━━━ Supplied information ━━━
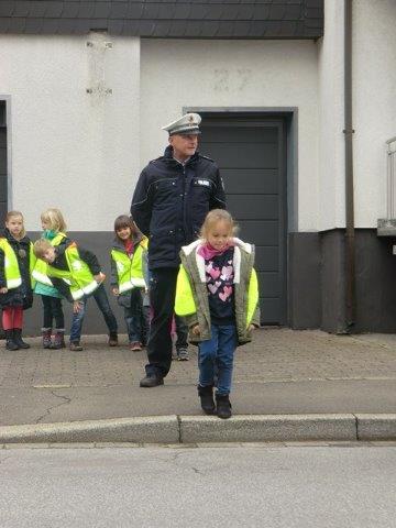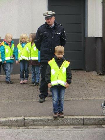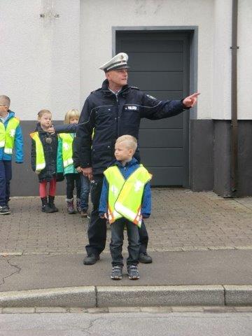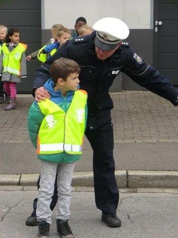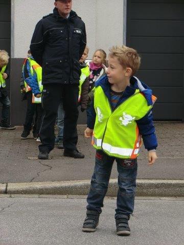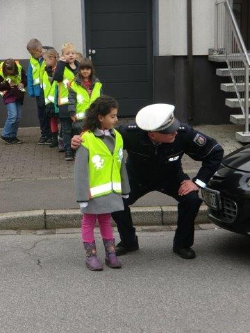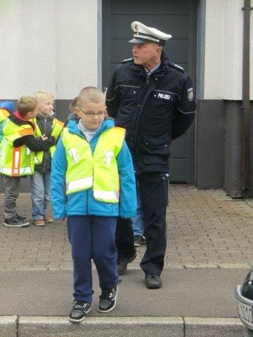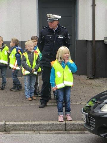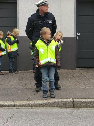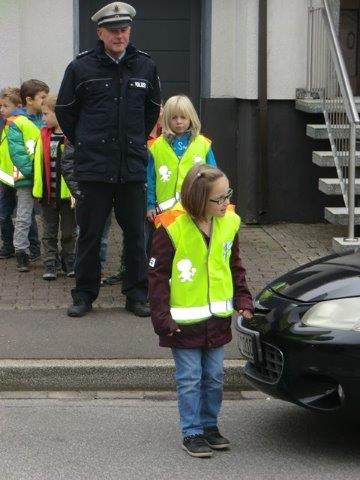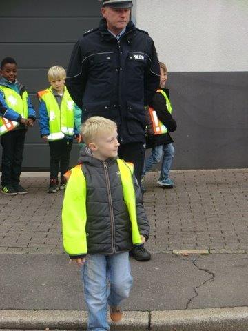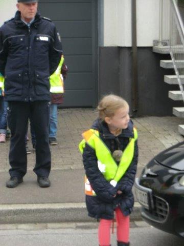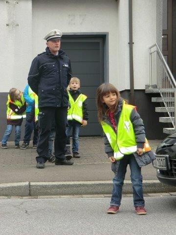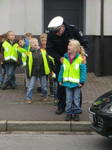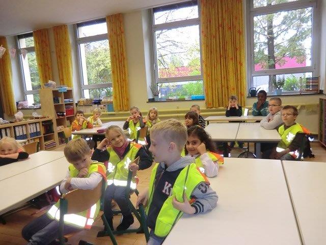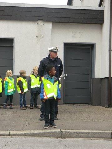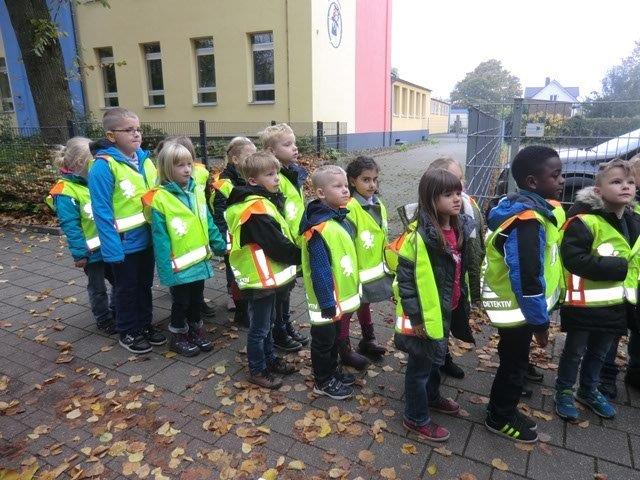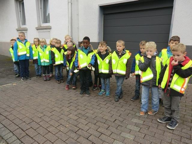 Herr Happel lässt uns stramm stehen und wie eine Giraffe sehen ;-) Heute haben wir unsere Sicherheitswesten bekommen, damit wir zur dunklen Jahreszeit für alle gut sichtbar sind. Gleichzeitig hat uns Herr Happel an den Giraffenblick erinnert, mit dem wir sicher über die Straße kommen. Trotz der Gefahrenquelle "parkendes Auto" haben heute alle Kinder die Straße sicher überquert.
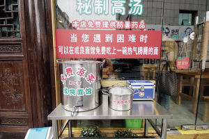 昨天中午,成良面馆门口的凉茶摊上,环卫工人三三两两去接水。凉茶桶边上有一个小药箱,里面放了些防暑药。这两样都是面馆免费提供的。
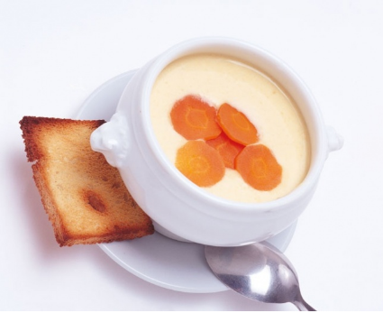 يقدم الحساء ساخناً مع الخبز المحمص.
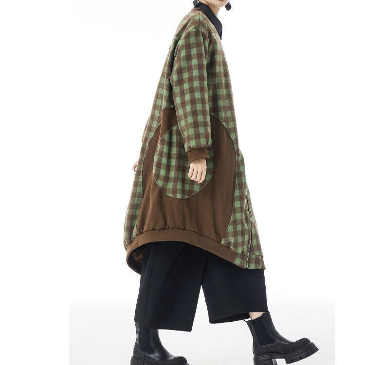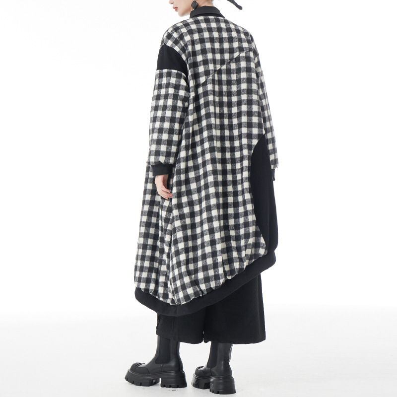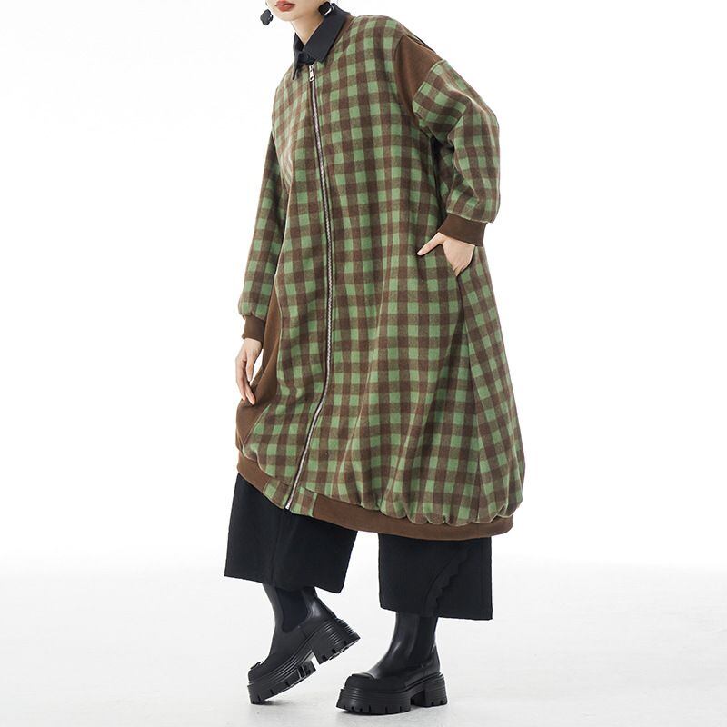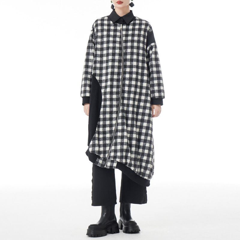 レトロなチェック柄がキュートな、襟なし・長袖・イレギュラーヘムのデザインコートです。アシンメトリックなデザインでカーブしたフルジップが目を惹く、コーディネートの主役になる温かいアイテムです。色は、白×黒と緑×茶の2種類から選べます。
━━━
━━━ Supplied information ━━━
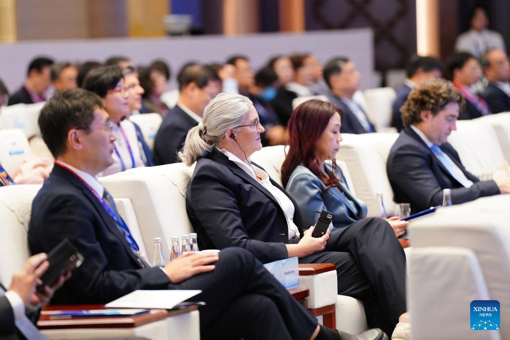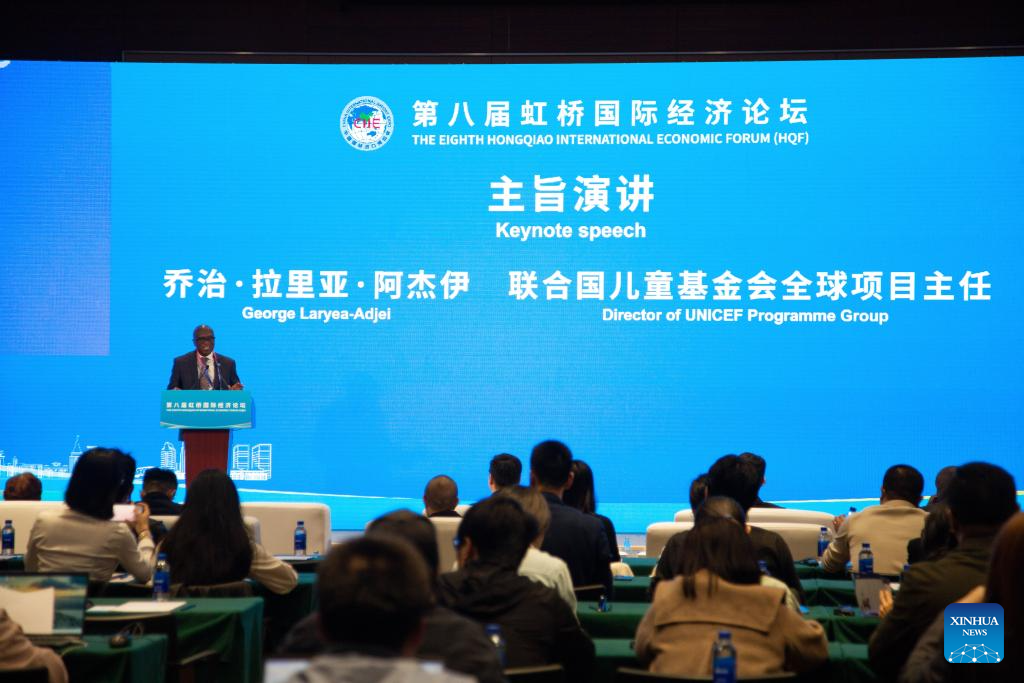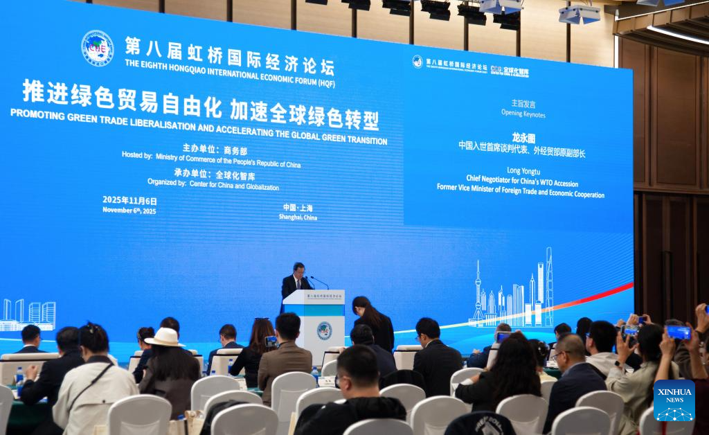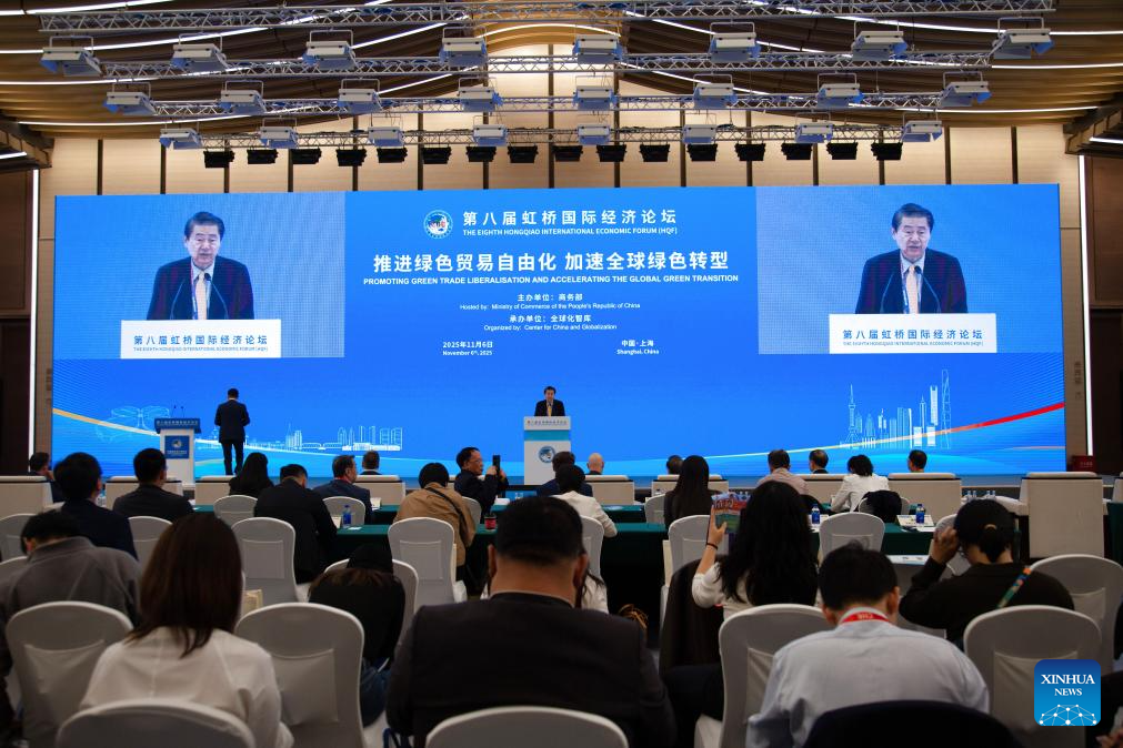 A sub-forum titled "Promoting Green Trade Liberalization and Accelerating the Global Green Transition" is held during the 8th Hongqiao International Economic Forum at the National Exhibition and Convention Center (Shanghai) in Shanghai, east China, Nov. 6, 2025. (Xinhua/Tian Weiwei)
━━━
◆ **Assignment**: Quote the lines above exactly, starting with the one that has "Herr Happel lässt" and ending with the one that has "レトロなチェック柄がキュート"; drop the pictures and include nothing else.

◆ **Response area**:
 Herr Happel lässt uns stramm stehen und wie eine Giraffe sehen ;-) Heute haben wir unsere Sicherheitswesten bekommen, damit wir zur dunklen Jahreszeit für alle gut sichtbar sind. Gleichzeitig hat uns Herr Happel an den Giraffenblick erinnert, mit dem wir sicher über die Straße kommen. Trotz der Gefahrenquelle "parkendes Auto" haben heute alle Kinder die Straße sicher überquert.
 昨天中午,成良面馆门口的凉茶摊上,环卫工人三三两两去接水。凉茶桶边上有一个小药箱,里面放了些防暑药。这两样都是面馆免费提供的。
 يقدم الحساء ساخناً مع الخبز المحمص.
 レトロなチェック柄がキュートな、襟なし・長袖・イレギュラーヘムのデザインコートです。アシンメトリックなデザインでカーブしたフルジップが目を惹く、コーディネートの主役になる温かいアイテムです。色は、白×黒と緑×茶の2種類から選べます。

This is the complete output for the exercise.